During that week Pearl asked God to reveal his will to her. She read everything she could find about marriage. She wanted to be right in this matter, not only for herself, but for Arthur as well.
I can relate. When I was in high school, I was just like this. I felt like I had screwed up my life, and that the area of love, sex, and romance was the only way I hadn’t screwed up. So I read everything I could get my hands on, determined to get it right.
When the second Sabbath came, Pearl prayed more earnestly than ever. She did not want to make a mistake….Slowly the minute hand crept toward 12, while the hour hand poised on three. Just as the minute hand reached its zenith, Arthur knocked.
This is a decent bit of writing. It manages to insert some dramatic tension into a scene that’s really kind of boring, otherwise.
Did this happen this way in reality? Did Arthur really knock just as the clock struck 3? Well, no, probably not. This is probably that “creative license” we talked about earlier.
Even if it did happen in exactly this way, that’s not really significant because 3 o’clock on Pearl’s clock is not going to be the same as it is on some other clock. Does anybody actually know what time it is? Well, today maybe, but certainly not in 1938.
In any case, Arthur is at Pearl’s house to see if Pearl’s mother has a copy of Patriarchs and Prophets. He’s trying to write a sermon, and the library is out of copies.
Hmm. Did Pearl tell anyone–Rosalind, perhaps–about the sign? Someone who, possibly maybe, I dunno, found out that Arthur was writing a sermon about something? And that this someone who found all this out possibly go to the library and check out every book Arthur could possibly use to write said sermon?
I’m not saying this did happen. I’m just saying it’s a possibility.
But Pearl, of course, doesn’t see it that way. Pearl is ecstatic because God just told her this guy is the one! Would that we were all so lucky.

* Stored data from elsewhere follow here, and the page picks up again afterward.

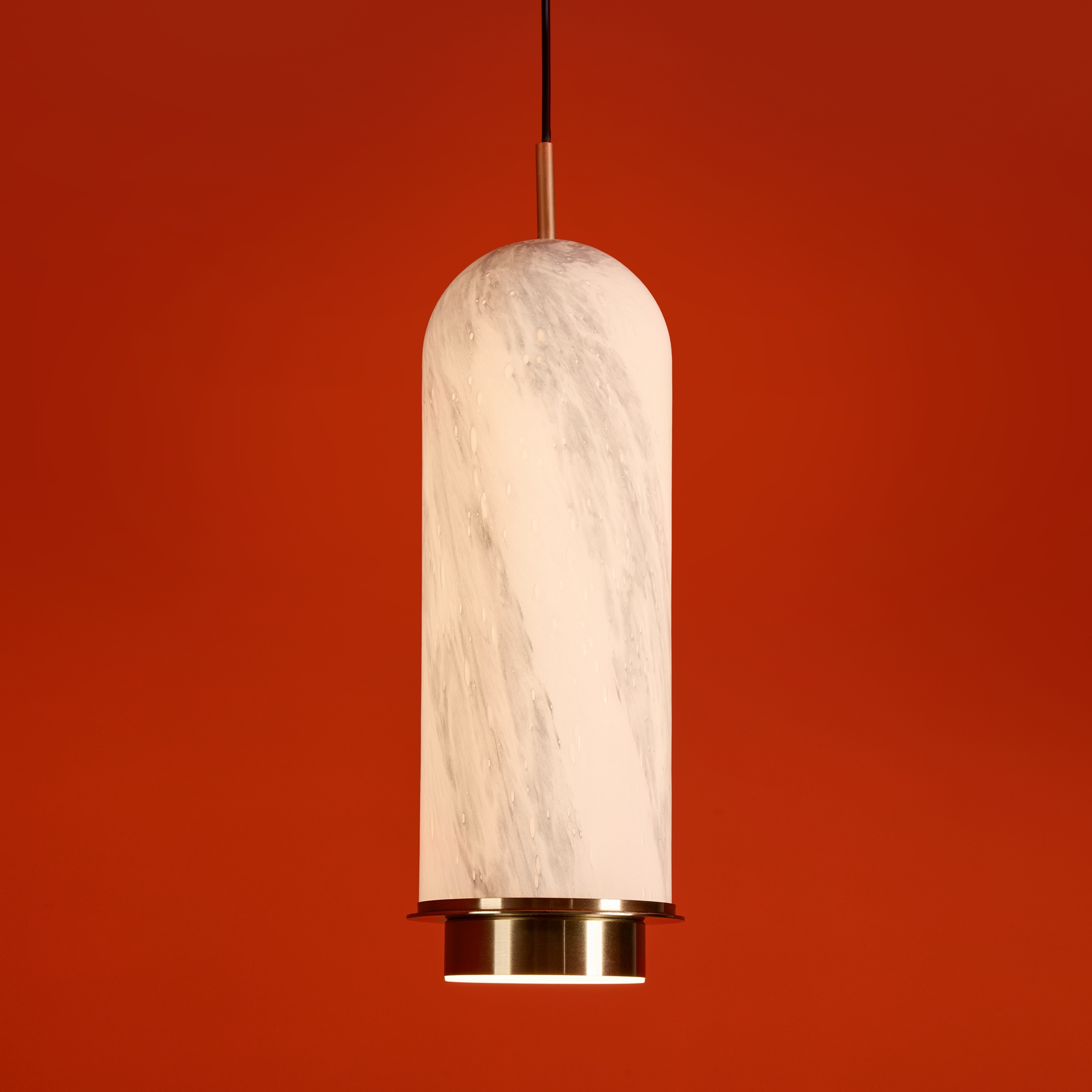 Арматура — металл. Стеклянные плафоны с имитацией мрамора и полосками в ретро-стиле. Интегрированный LED источник света 2700К, угол рассеивания 360°. Высота регулируется.
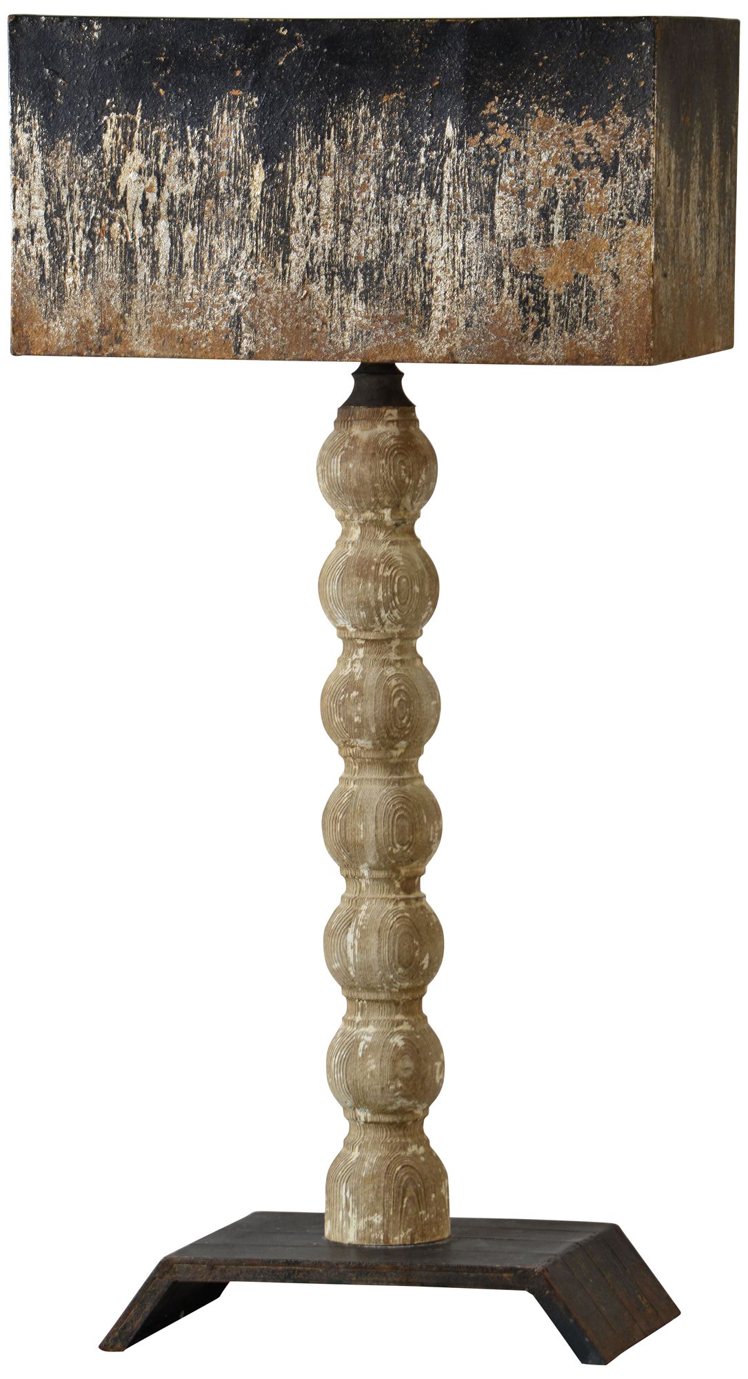 Draw all eyes to a console or side table with this intriguing country cottage metal table lamp. Its beaded-style post rests atop and angular, elevated base to bring rich dimensional flair. Natural whitewash wood finish contrasts perfectly with metal elements like a rectangular shade to create a lovely, aged look and feel.
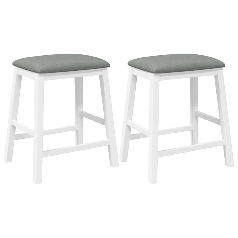 Scaune de bar cu perne 2 buc din cauciuc din lemn masiv alb Scaune de bar cu perne 2 buc din cauciuc din lemn masiv alb
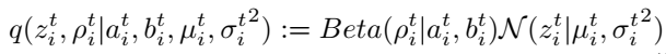 在线推导阶段,我们在每个时间戳上寻找的最大后验估计,可用的高斯分布和贝塔分布来近似:
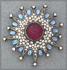 Gorgeous cabochon and rhinestone set brooch sits about 1" high and
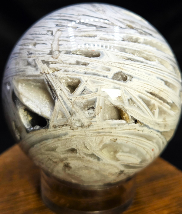 White lace agate is a variety of banded chalcedony most commonly sourced from Mexico, where unique geological conditions create its signature flowing and lace-like patterns. Each sphere is naturally one of a kind, with variations in banding, translucence, and internal formations that add to its individual character.
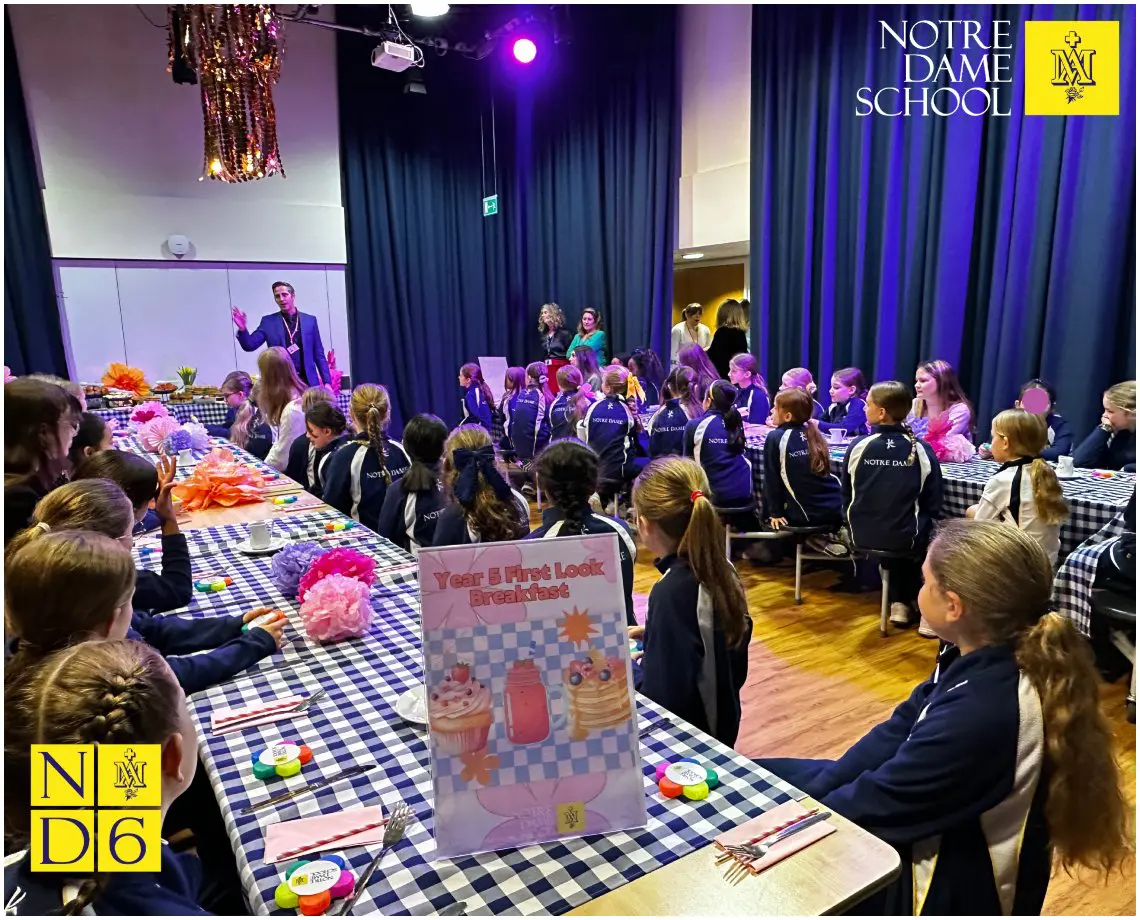 This morning our Year 5 girls enjoyed their First Look Breakfast, an introduction to life in Year 7 at Notre Dame School. Hosted by Mr Luke Routley, Head of Year 7, the event featured a fun themed breakfast designed to give the girls an engaging and informative glimpse of what awaits them in Senior School.
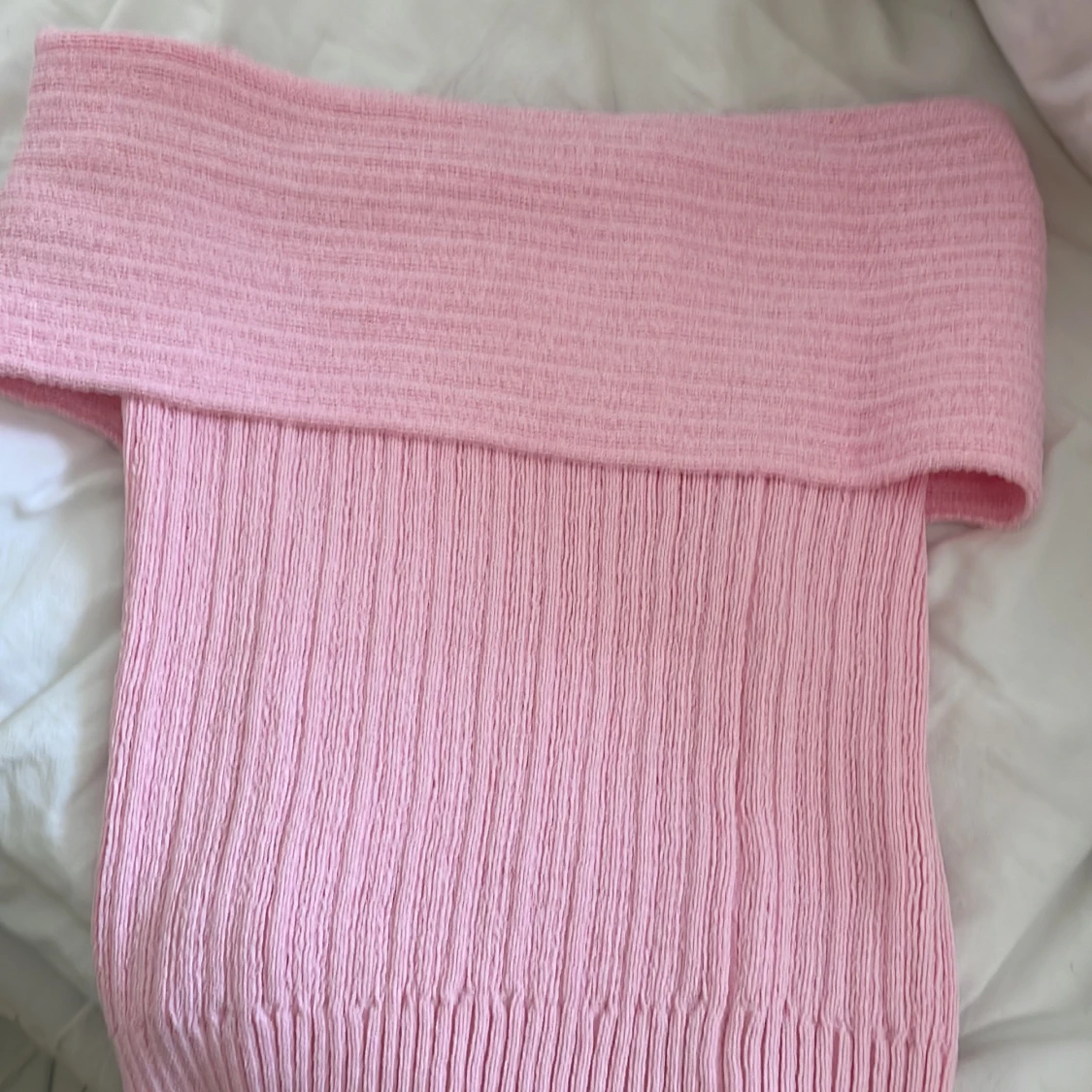 Jätte gullig rosa ofshoulder tröja! I ett stickat material. Storlek XS men skulle säga att det passar S också. Aldrig använt. PRIS KAN DISKUTERAS VID SNABBKÖP💕
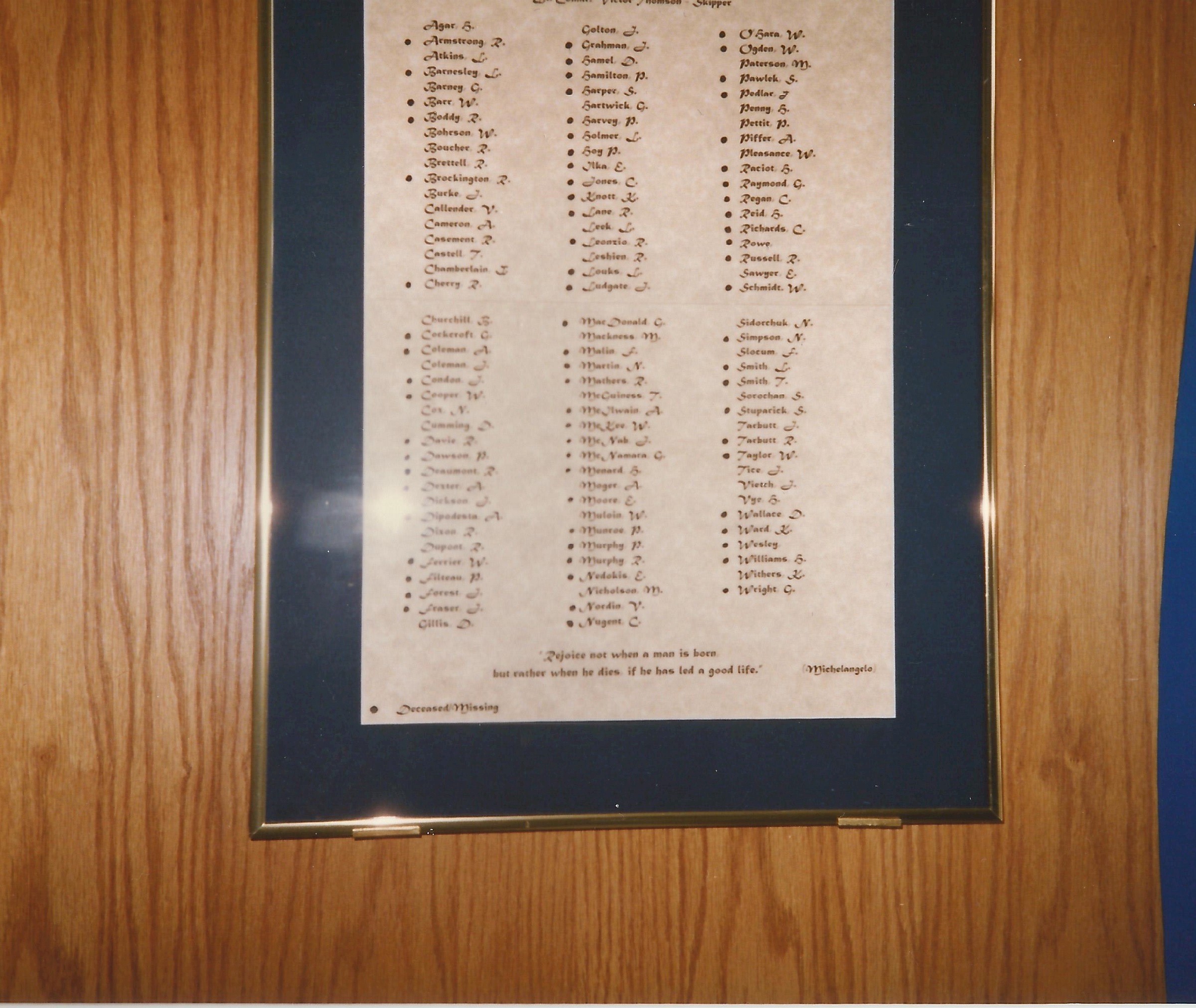 In memory of those who have crossed the bar

That evening when Arthur comes over, Pearl tells her mother everything, including the sign and the answer. We go directly from Pearl telling her mother that God sent her a sign to this:
Arthur cleared his throat. “And so, Mrs. Lindsay? He said, “may I be so bold as to ask for your daughter’s hand?”
Whoa. Jeez. Sure. Let’s just drop a bombshell on her like that and see how she reacts. Hang on, this is the first time Arthur has heard this too, right? Did he know what Pearl’s asked for sign was? Shouldn’t he be having like, a moment of stunned silence? Did he know?
I am probably reading too much into this. There was roughly a 30 year gap between the events of this story and the time they were written down, so much of the details are probably a little fuzzy.
Pearl’s mother took a deep breath. “Well,” she began, “I wonder if you two think I’m blind. I’ve seen this coming.”
I’ve spent the entire book hating Pearl’s mother–in this moment, I like Pearl’s mother.
“Who am I to reject such evidence?” She turned toward Arthur and smiled. “The answer is Yes.”
The “Y” in yes is capitalized in the text.
And so Pearl is, once again, sacrificing something for someone else. Do I approve? Well, the timing isn’t at all ideal, but like I said, Pearl has more ability than most to get out of a shitty marriage if it comes to that, so I guess it isn’t that bad.
Next week is the last chapter, yay! It’s basically a wrap up chapter where the author ties up the loose ends and gives us all the happy ending we were hoping for. Well not really, but it’s the ending that Adventist audiences were hoping for. There’s nothing much of substance in it, so I might combine that post with the epilogue, and after that, I have something a little different in mind for the post where I usually write my closing thoughts. That will be interesting.